Если бы меня спросили, когда последний раз приходилось быть в музее, я бы ответить не смог. К своему стыду, конечно. В чем тут дело – сказать трудно. Наверное, не только в занятости и нехватке времени. Тогда в чем? Разобраться в этом я не успел: хотя музей был еще закрыт для посетителей, меня беспрепятственно пропустили внутрь. «Преимущества нашей профессии», – подумал я и, как оказалось, ошибся. Причина была в другом: фамилию профессора здесь хорошо знали. Сотрудница, впустившая меня, справившись о цели визита, отнеслась ко мне с подчеркнутой любезностью и без лишних слов проводила к директорскому кабинету.
На директора фамилия профессора возымела то же магическое действие. Он сказал, что очень рад, что много слышал о Вышемирском, что у них ценят его доброе отношение к музею, давно ждут от него вестей («Интересно, каких?») и что лучше всего по этому вопросу переговорить с Маркиным Олегом Станиславовичем – научным сотрудником музея.
Маркин оказался аккуратным, чрезвычайно подвижным, сухощавым старичком с небольшой подстриженной клинышком бородкой. Я был уверен, что старичков с такой внешностью сейчас можно увидеть только на старинных фото или в кино. Выходит, нет.

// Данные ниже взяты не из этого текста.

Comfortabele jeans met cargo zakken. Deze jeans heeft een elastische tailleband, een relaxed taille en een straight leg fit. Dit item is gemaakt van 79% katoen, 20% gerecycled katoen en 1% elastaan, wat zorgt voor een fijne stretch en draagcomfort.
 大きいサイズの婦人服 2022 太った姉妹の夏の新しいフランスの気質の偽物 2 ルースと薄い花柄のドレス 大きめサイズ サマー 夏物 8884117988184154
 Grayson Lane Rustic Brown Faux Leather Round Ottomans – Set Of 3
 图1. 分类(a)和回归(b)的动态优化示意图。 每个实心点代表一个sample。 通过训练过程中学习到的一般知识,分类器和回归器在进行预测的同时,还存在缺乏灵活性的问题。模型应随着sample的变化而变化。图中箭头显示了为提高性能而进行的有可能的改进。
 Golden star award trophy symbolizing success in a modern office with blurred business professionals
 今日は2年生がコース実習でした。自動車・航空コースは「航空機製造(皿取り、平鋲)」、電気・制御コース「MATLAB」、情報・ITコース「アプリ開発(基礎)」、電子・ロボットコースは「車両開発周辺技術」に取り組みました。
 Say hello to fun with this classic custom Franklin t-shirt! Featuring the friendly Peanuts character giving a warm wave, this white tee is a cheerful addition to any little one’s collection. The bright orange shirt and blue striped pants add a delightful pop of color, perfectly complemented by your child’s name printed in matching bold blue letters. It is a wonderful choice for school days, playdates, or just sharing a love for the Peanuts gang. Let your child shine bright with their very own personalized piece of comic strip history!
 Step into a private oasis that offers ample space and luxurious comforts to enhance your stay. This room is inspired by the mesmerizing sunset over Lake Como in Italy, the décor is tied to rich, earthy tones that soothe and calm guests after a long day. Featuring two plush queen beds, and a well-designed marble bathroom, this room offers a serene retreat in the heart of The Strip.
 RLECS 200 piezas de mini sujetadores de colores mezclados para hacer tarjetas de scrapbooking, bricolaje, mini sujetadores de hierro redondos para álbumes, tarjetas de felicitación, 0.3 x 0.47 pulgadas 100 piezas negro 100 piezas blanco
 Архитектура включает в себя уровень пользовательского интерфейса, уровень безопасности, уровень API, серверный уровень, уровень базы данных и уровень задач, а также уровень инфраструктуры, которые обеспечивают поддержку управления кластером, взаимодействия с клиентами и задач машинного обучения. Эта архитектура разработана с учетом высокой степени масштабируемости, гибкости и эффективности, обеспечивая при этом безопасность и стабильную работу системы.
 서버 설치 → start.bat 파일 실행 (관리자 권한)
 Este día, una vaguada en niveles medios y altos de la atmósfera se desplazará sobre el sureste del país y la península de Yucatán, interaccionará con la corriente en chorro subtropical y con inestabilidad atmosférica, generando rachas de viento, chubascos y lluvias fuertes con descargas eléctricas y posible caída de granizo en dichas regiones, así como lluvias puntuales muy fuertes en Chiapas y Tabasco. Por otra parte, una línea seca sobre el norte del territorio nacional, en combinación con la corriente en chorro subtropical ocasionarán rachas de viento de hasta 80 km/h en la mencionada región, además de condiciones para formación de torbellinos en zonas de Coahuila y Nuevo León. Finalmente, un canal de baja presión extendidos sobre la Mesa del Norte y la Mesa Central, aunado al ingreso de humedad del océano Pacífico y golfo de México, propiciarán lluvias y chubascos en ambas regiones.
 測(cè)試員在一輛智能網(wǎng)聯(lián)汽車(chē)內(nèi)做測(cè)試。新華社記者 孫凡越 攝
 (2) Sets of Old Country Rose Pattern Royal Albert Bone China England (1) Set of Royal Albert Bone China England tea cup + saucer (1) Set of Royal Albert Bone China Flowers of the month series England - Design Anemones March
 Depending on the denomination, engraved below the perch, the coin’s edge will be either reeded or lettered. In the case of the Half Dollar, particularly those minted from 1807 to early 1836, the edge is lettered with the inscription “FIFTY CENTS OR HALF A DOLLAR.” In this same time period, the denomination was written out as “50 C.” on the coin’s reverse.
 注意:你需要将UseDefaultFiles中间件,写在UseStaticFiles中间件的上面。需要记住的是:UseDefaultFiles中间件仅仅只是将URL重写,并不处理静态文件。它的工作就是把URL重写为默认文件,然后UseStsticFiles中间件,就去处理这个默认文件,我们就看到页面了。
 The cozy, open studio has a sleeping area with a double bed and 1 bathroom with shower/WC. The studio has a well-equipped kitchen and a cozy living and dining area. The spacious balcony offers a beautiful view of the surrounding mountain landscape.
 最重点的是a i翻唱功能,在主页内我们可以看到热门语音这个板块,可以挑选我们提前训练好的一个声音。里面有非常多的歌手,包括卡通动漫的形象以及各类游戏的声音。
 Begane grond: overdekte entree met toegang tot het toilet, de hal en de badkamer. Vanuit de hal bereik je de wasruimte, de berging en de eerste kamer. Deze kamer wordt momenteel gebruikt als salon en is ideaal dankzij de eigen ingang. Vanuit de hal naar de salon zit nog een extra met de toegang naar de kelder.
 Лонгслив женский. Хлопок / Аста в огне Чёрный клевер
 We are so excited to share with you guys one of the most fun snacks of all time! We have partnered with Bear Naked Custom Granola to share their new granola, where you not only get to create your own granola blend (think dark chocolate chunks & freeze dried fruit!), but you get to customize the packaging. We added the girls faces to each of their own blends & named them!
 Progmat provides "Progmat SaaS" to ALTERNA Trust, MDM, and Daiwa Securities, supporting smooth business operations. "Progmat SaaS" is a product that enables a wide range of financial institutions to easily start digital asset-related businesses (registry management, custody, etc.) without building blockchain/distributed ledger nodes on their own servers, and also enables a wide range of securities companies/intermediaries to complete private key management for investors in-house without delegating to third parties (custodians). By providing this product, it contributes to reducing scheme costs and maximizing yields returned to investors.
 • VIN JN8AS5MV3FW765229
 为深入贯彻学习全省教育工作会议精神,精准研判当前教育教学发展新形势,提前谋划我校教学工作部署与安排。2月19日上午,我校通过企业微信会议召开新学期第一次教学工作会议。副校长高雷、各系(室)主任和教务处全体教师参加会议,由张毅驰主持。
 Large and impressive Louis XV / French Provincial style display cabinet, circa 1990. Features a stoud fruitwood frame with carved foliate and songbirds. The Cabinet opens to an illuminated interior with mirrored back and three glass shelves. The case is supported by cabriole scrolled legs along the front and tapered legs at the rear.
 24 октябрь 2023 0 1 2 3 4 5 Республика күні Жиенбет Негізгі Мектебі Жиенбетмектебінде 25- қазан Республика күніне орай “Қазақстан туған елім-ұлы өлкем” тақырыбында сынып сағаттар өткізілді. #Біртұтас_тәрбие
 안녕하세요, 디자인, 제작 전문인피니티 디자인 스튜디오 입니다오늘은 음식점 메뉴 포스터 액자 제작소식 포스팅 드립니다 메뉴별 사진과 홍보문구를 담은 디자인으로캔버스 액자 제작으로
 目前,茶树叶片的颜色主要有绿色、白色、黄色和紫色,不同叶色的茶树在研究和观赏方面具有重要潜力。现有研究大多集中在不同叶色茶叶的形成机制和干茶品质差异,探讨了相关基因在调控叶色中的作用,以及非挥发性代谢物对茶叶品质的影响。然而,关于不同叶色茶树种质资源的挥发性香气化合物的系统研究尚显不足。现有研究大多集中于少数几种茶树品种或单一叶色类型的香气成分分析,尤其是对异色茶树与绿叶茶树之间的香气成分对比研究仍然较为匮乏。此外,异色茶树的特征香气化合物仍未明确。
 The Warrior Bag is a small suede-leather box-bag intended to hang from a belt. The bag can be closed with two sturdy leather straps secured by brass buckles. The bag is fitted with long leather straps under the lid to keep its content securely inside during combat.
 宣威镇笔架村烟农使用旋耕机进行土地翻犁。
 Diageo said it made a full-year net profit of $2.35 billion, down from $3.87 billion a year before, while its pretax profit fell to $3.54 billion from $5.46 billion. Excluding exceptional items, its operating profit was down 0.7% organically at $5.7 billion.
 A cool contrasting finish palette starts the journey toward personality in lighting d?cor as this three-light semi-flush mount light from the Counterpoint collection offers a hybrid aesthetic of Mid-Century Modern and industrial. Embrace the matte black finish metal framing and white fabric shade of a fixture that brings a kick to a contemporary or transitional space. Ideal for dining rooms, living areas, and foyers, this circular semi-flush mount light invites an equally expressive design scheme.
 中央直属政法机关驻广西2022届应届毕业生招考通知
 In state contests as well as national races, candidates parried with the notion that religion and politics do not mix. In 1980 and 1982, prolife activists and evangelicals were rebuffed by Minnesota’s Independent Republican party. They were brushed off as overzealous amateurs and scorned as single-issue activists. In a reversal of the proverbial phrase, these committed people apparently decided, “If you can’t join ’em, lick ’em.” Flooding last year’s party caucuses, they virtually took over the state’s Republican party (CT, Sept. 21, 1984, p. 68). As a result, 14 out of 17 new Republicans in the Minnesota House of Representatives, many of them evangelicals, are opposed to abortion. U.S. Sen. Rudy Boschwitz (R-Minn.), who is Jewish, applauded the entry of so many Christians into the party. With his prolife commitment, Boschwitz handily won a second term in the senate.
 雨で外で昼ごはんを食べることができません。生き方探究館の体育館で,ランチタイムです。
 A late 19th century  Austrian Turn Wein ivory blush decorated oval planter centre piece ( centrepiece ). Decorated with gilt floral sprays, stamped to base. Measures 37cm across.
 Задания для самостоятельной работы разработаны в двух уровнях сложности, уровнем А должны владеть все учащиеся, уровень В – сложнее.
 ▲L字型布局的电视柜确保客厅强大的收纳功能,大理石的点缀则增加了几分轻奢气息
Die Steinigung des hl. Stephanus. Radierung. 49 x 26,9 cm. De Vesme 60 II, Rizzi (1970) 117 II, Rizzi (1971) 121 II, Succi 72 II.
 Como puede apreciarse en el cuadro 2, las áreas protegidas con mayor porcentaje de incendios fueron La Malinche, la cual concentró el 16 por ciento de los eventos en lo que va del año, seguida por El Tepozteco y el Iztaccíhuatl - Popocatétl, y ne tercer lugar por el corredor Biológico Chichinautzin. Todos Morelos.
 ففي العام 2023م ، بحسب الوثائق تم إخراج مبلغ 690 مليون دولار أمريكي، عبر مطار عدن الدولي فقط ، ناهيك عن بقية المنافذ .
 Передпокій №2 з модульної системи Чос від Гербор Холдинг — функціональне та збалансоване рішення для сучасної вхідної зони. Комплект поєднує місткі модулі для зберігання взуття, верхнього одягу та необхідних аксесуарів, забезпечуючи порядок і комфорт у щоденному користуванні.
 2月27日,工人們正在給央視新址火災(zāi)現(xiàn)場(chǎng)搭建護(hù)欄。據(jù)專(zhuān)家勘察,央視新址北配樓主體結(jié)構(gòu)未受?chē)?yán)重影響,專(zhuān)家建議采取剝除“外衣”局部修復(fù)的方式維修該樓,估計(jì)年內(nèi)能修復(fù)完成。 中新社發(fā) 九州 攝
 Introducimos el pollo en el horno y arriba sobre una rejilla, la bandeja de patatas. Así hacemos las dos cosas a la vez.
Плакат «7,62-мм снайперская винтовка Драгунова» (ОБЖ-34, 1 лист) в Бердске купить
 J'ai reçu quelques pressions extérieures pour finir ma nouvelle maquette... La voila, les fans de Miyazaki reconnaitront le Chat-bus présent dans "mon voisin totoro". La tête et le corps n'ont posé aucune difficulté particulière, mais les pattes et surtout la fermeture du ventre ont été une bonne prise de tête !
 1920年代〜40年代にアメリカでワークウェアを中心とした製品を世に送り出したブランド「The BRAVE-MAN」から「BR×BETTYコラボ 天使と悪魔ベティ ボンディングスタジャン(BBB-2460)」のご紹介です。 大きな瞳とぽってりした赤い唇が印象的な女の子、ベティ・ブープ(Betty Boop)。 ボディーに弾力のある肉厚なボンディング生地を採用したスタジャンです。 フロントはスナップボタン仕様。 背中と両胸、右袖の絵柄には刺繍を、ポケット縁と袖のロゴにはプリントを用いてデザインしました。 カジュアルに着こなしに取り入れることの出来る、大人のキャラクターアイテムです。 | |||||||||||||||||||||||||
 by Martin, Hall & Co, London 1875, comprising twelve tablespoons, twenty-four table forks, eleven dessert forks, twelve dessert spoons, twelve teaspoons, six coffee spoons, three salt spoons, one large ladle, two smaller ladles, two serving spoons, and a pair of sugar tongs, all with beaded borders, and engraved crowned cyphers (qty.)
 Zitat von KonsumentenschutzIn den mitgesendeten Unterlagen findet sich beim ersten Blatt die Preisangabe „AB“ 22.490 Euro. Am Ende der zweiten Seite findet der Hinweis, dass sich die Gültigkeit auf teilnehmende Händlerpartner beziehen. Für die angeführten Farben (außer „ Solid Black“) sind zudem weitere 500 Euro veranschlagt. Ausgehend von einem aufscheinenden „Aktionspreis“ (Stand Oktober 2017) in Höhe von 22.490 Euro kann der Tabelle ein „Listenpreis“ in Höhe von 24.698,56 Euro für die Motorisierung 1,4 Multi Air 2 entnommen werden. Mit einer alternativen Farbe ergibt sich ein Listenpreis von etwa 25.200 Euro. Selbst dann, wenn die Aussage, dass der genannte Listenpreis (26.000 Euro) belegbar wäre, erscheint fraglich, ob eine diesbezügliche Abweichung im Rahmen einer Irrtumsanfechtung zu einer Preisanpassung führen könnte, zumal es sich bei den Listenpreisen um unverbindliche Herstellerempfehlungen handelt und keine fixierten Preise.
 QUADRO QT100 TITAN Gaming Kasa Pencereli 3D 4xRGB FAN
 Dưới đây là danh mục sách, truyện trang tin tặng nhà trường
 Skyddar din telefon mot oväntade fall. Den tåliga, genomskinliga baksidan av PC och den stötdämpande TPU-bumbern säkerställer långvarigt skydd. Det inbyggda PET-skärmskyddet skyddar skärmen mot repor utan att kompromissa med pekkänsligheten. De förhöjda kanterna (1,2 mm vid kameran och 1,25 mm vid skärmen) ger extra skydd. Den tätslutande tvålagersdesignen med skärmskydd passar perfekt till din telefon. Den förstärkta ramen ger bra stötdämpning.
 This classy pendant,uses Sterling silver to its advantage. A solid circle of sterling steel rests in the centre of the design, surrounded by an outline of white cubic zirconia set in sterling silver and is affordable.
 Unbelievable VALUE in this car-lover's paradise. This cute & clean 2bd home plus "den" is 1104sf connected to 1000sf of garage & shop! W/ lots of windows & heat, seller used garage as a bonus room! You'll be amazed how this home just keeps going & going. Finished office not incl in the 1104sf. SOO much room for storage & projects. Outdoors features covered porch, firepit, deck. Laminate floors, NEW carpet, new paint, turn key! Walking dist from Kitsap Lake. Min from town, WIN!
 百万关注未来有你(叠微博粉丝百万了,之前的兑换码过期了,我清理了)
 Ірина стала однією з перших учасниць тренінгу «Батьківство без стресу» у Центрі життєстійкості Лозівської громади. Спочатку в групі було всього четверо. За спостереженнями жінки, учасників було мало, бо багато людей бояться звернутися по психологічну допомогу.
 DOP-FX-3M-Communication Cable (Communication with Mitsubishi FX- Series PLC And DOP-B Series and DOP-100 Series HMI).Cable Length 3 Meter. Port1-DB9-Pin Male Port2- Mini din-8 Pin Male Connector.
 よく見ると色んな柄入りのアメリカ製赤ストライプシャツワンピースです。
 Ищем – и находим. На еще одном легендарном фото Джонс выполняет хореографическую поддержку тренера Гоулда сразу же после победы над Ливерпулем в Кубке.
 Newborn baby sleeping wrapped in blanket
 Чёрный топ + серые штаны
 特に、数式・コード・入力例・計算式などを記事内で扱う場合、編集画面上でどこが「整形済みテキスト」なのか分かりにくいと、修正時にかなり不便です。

Узнав о случившемся, он засуетился, заахал, схватился за сердце, чуть было не расплакался, но тут же отвлекся и потащил меня смотреть музей. «С этаким темпераментом впору работать в оперетте, а не в музее», – подумал я и, как это часто бывает, когда берешься судить о малознакомом человеке, ошибся. Новость задела его сильней, чем показалось сначала. На полпути к просмотровому залу Маркин неожиданно замешкался, остановился и рухнул на стул.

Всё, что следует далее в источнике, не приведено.